[[ Data records, beginning ]]

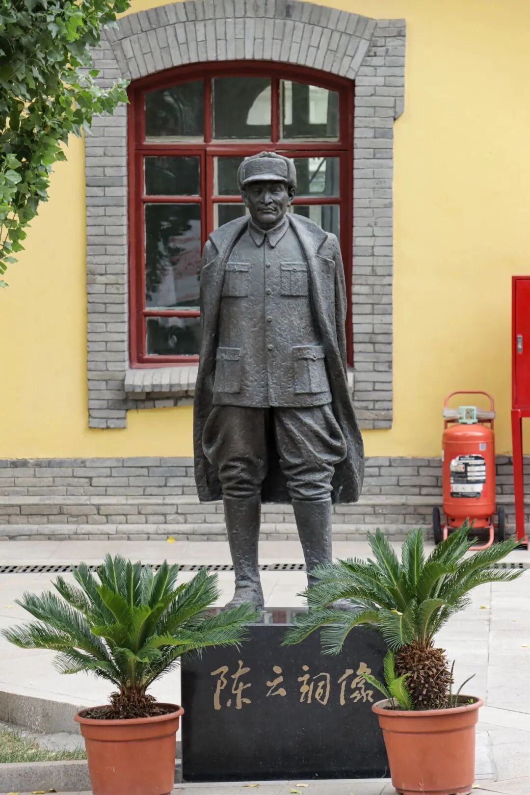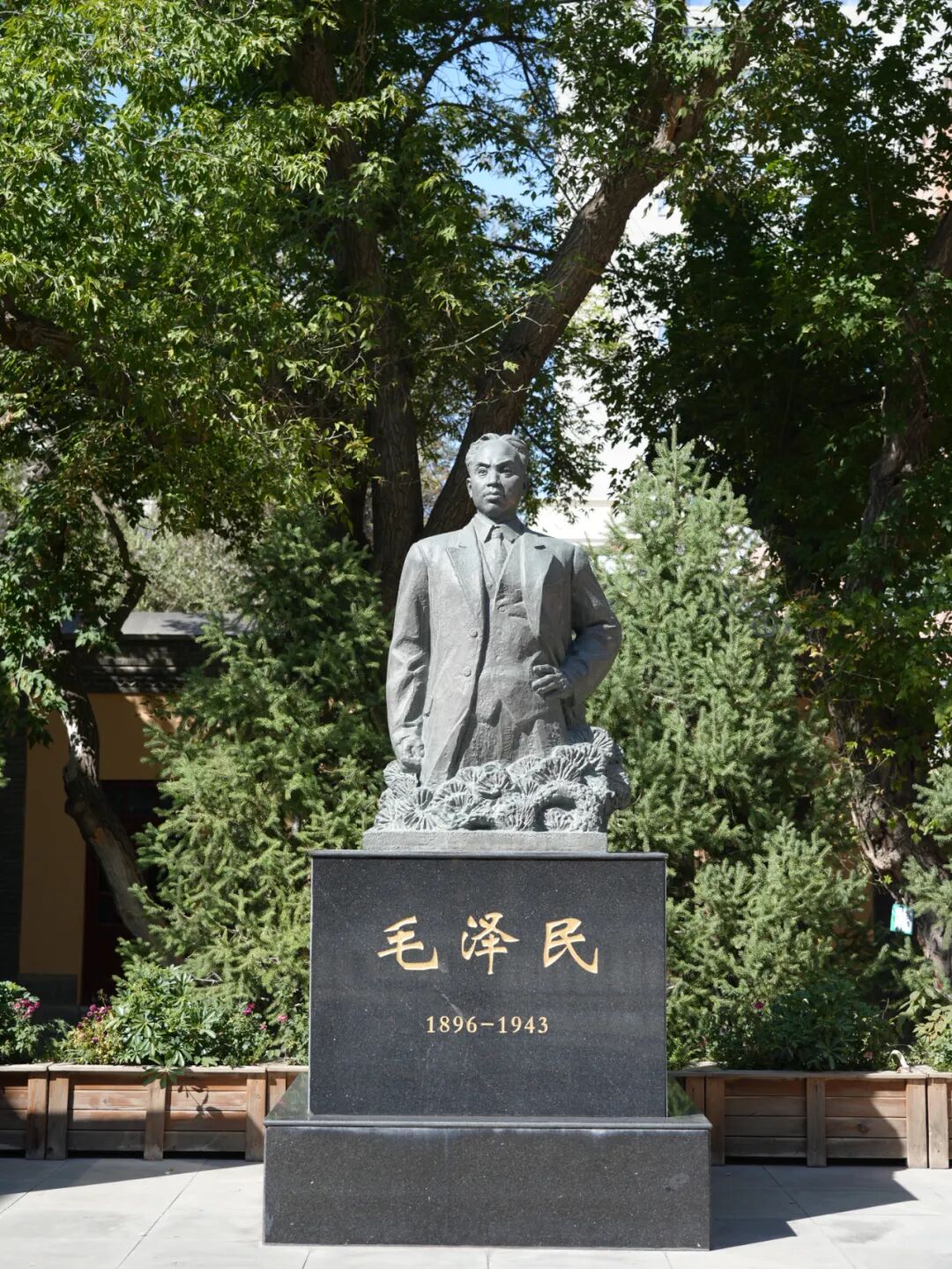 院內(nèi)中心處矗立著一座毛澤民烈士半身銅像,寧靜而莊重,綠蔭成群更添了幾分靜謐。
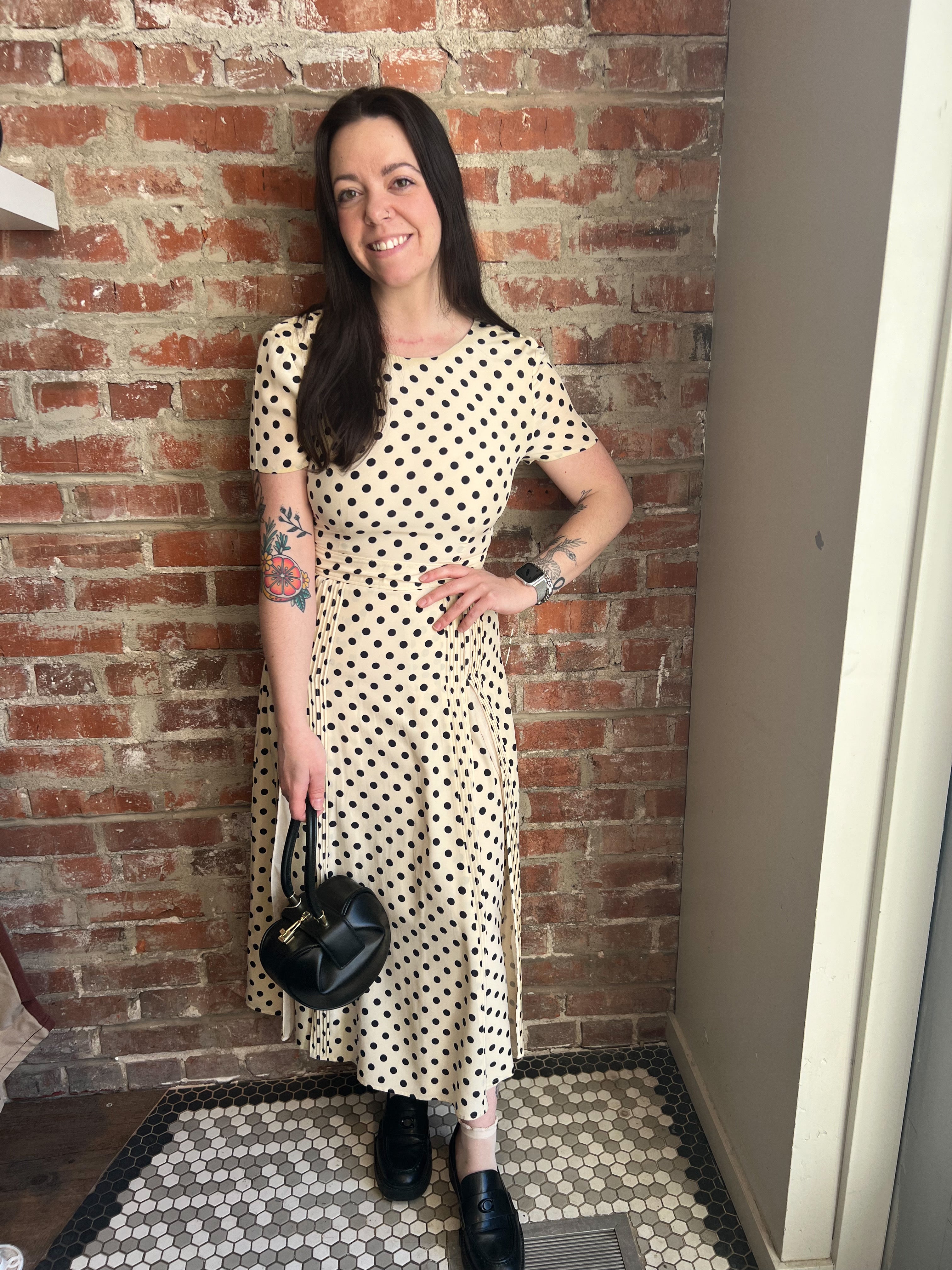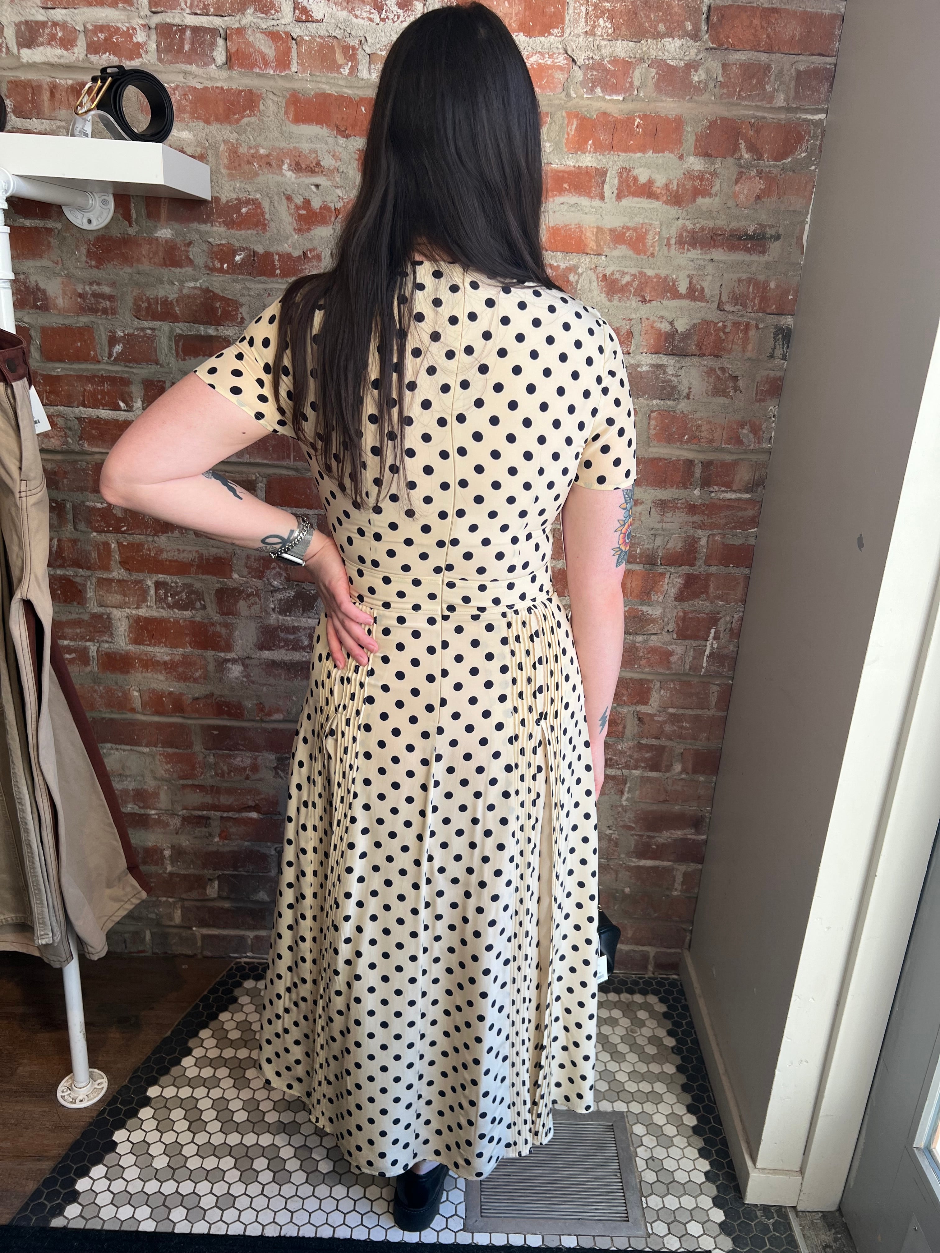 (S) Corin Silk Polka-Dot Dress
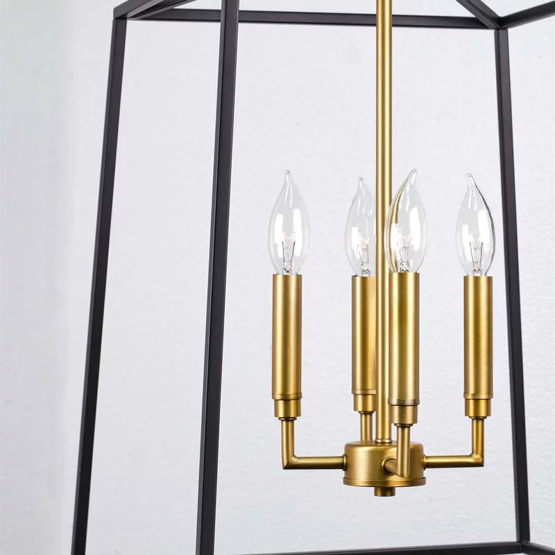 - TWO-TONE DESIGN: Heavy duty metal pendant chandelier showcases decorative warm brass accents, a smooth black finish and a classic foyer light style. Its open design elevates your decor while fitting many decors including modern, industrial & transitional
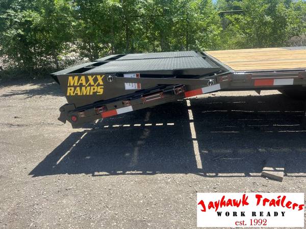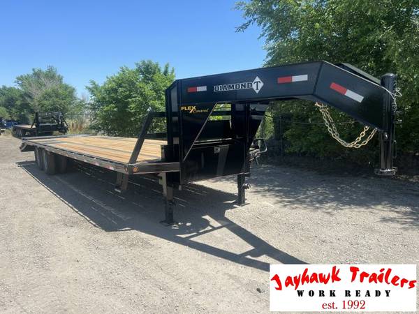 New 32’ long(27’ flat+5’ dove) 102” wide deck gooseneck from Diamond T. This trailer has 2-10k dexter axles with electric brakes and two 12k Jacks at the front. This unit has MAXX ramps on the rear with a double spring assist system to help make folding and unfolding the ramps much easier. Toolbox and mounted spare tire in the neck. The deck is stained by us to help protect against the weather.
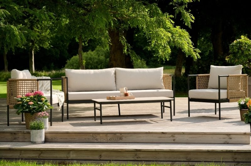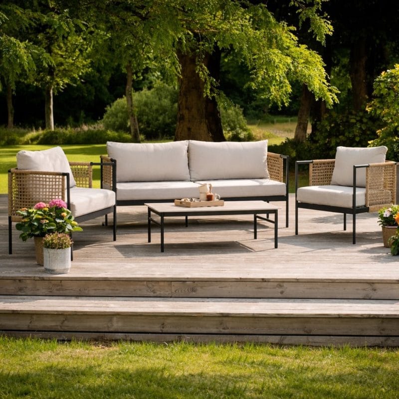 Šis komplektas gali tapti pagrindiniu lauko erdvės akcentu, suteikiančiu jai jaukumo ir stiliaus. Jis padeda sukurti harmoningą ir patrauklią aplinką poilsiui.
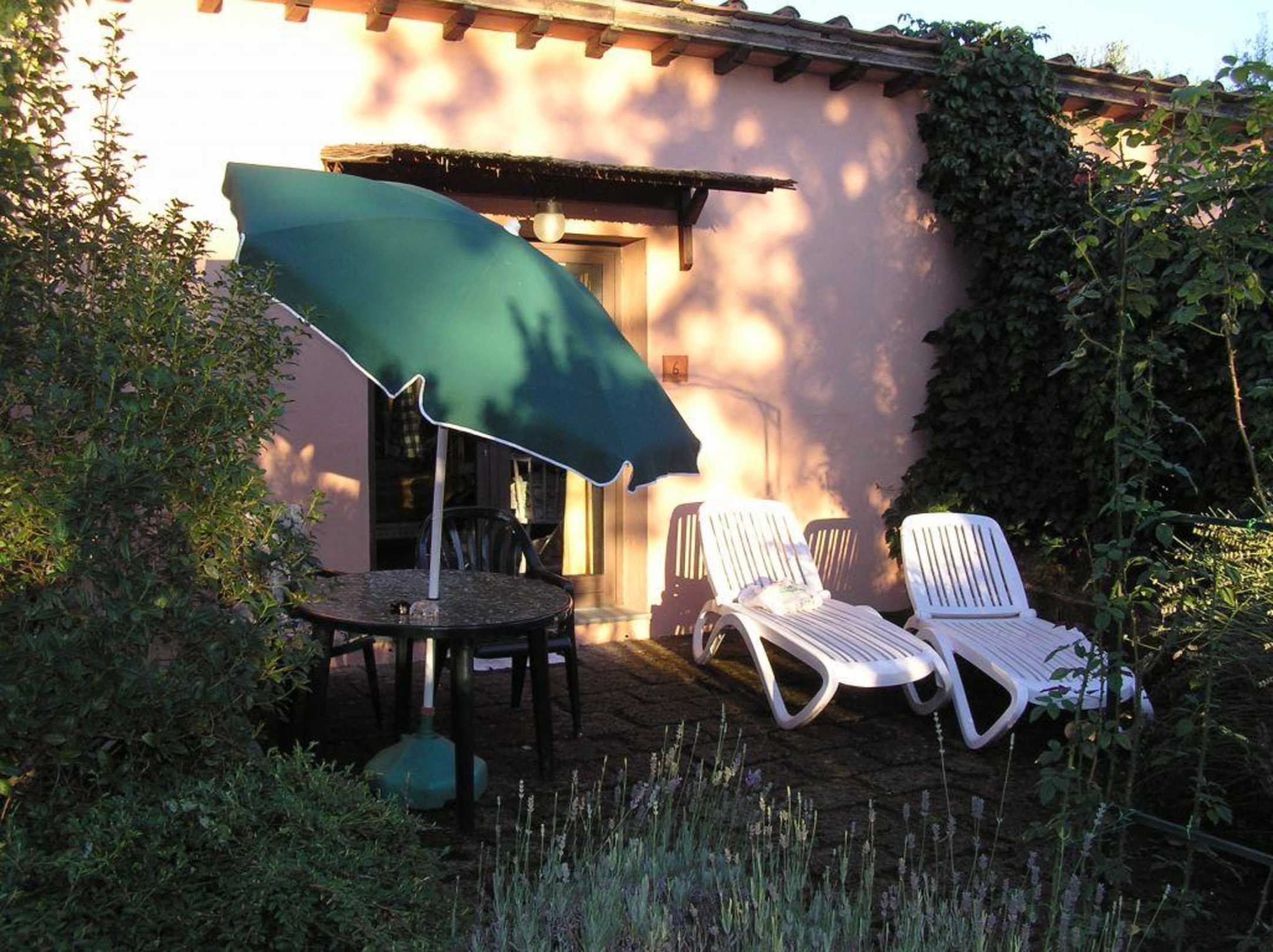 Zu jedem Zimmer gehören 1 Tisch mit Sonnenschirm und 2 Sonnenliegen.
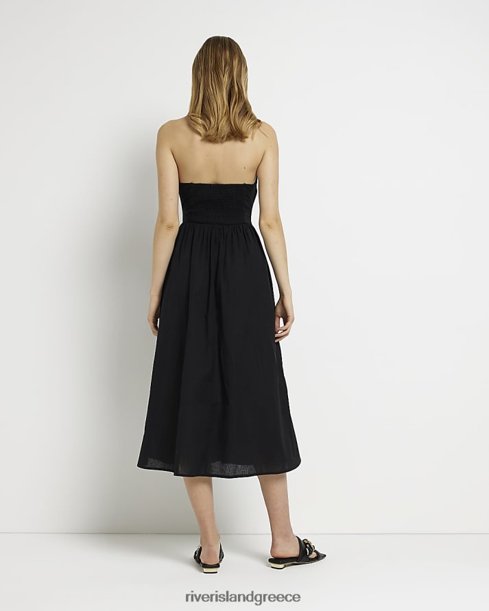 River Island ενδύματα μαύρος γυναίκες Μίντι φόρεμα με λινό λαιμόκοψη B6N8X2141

[[ Data records, end ]]

■ **About this exercise**: Copy exactly the lines from the line containing "Šis komplektas gali" through the last line of the records above, both included, and leave out any pictures.

■ **Result of this exercise**:
 Šis komplektas gali tapti pagrindiniu lauko erdvės akcentu, suteikiančiu jai jaukumo ir stiliaus. Jis padeda sukurti harmoningą ir patrauklią aplinką poilsiui.
 Zu jedem Zimmer gehören 1 Tisch mit Sonnenschirm und 2 Sonnenliegen.
 River Island ενδύματα μαύρος γυναίκες Μίντι φόρεμα με λινό λαιμόκοψη B6N8X2141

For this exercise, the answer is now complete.